> Data excerpts

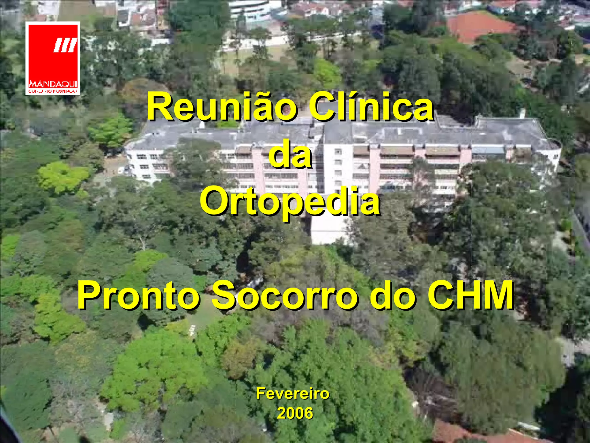 O documento descreve as reuniões clínicas da ortopedia no pronto-socorro do hospital em 2006. A primeira reunião discutiu a história da ortopedia. Posteriormente, reuniões trataram de fraturas expostas, traumatismos da mão e coluna vertebral. A última pergunta se o que pode ser feito pelo hospital.
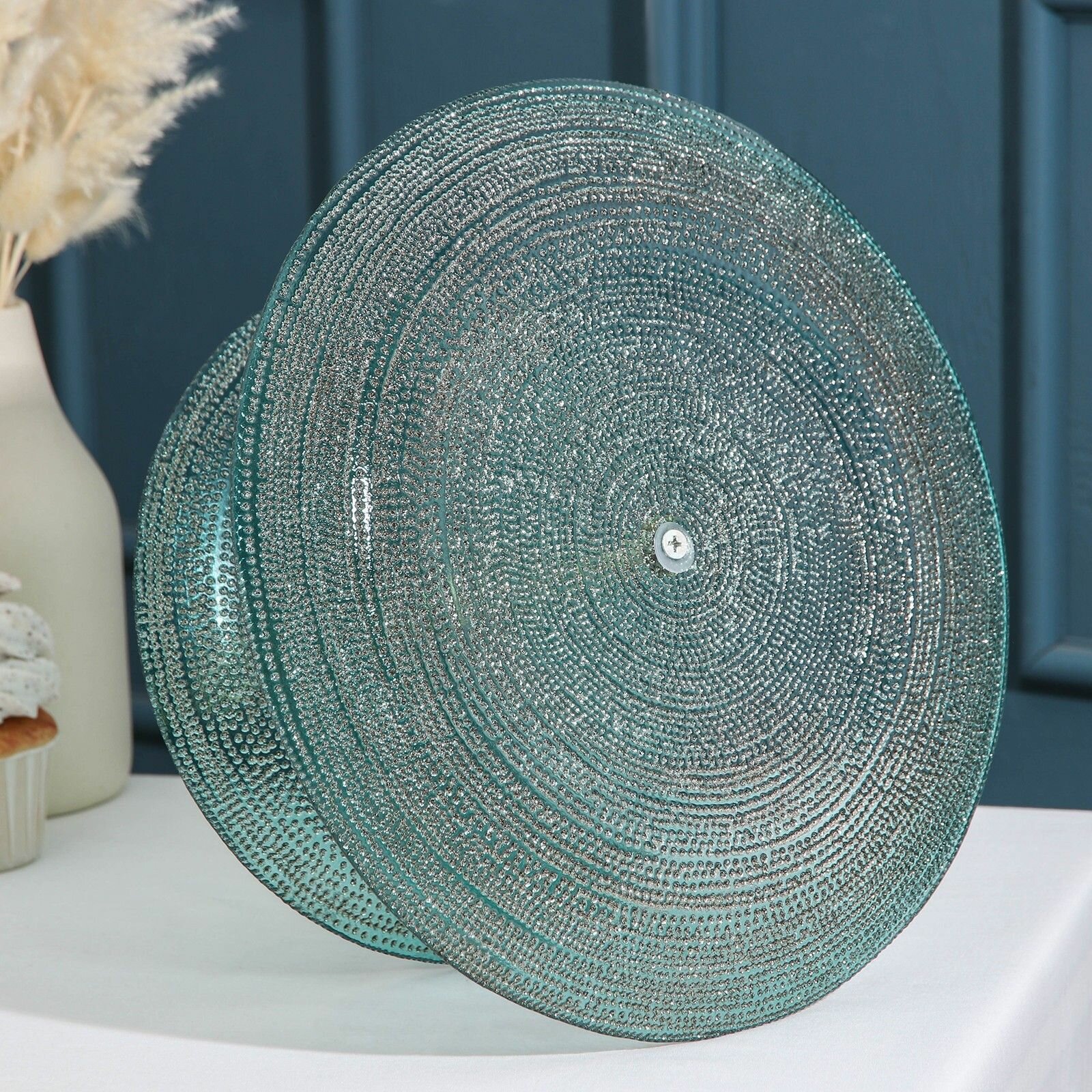 Блюдо 2-х ярусное, "Мерцание ночи", d 21 / 28 см, цвет серебряный, форма круглая
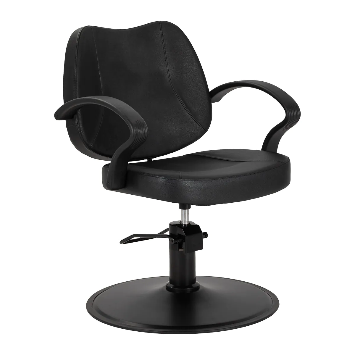 Frizerska stolica Hair System Borneo kombinira moderan dizajn i funkcionalnost. Opremljena učinkovitim hidrauličkim podizačem, omogućuje podešavanje visine potrebama frizera i klijenta , osiguravajući udobnost tijekom rada. Njen minimalistički dizajn elegantno nadopunjuje dekor svakog salona, a istovremeno jamči udobnost. Ergonomija rada Izdržljivo hidraulično podizanje omogućuje podešavanje visine sjedala između 45 i 55 cm , čak i kada klijent sjedi. To olakšava ergonomski rad , omogućujući frizeru da prilagodi visinu svojim potrebama i visini klijenta. Naslon pruža izvrsnu potporu leđima , što je posebno korisno tijekom dugih tretmana. Ergonomski oblikovani oblik i zaobljeni gornji rub naslona olakšavaju pristup vratu, potiljku i liniji kose , podržavajući precizno šišanje, stiliziranje i bojanje. Detalji: Boja: nijanse crne Podizanje: hidraulično Baza: okrugla Boja baze: nijanse crne
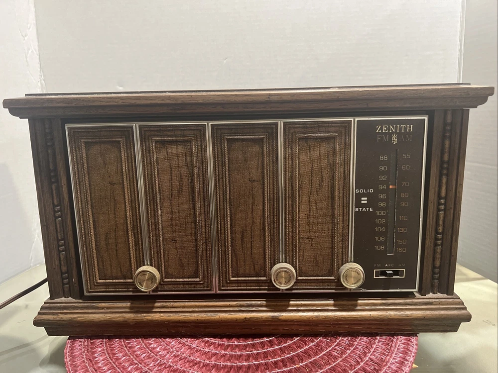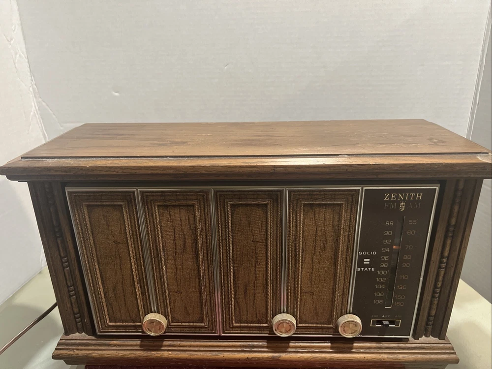 This is a vintage Zenith desktop cabinet radio from the 1950s, manufactured in the United States. It is a tube radio that is in working condition. In great working condition condition Look at the pictures before making your purchase
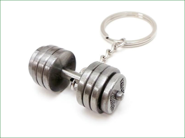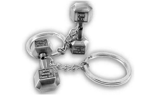 | <ダンベル・キーホルダー> ダンベル型のキーホルダー 側面には聖書の1節が刻まれています |
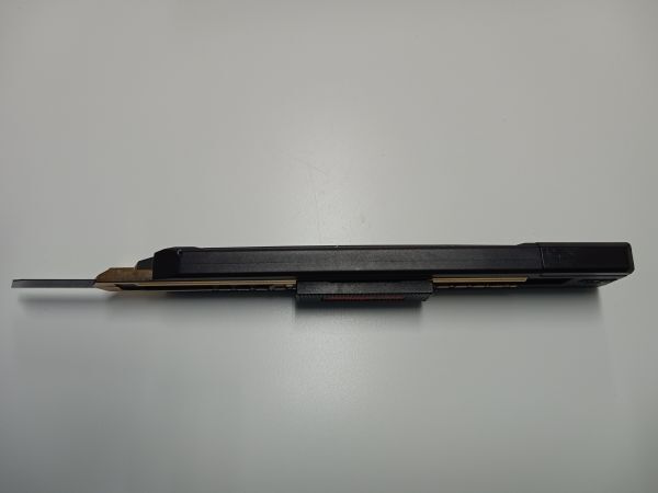 独自の裏から替え刃を入れる連発式小型カッターです。

> THE TASK
Each entry above must be repeated word for word, minus its images.

> ANSWER TO THIS TASK
 O documento descreve as reuniões clínicas da ortopedia no pronto-socorro do hospital em 2006. A primeira reunião discutiu a história da ortopedia. Posteriormente, reuniões trataram de fraturas expostas, traumatismos da mão e coluna vertebral. A última pergunta se o que pode ser feito pelo hospital.
 Блюдо 2-х ярусное, "Мерцание ночи", d 21 / 28 см, цвет серебряный, форма круглая
 Frizerska stolica Hair System Borneo kombinira moderan dizajn i funkcionalnost. Opremljena učinkovitim hidrauličkim podizačem, omogućuje podešavanje visine potrebama frizera i klijenta , osiguravajući udobnost tijekom rada. Njen minimalistički dizajn elegantno nadopunjuje dekor svakog salona, a istovremeno jamči udobnost. Ergonomija rada Izdržljivo hidraulično podizanje omogućuje podešavanje visine sjedala između 45 i 55 cm , čak i kada klijent sjedi. To olakšava ergonomski rad , omogućujući frizeru da prilagodi visinu svojim potrebama i visini klijenta. Naslon pruža izvrsnu potporu leđima , što je posebno korisno tijekom dugih tretmana. Ergonomski oblikovani oblik i zaobljeni gornji rub naslona olakšavaju pristup vratu, potiljku i liniji kose , podržavajući precizno šišanje, stiliziranje i bojanje. Detalji: Boja: nijanse crne Podizanje: hidraulično Baza: okrugla Boja baze: nijanse crne
 This is a vintage Zenith desktop cabinet radio from the 1950s, manufactured in the United States. It is a tube radio that is in working condition. In great working condition condition Look at the pictures before making your purchase
 | <ダンベル・キーホルダー> ダンベル型のキーホルダー 側面には聖書の1節が刻まれています |
 独自の裏から替え刃を入れる連発式小型カッターです。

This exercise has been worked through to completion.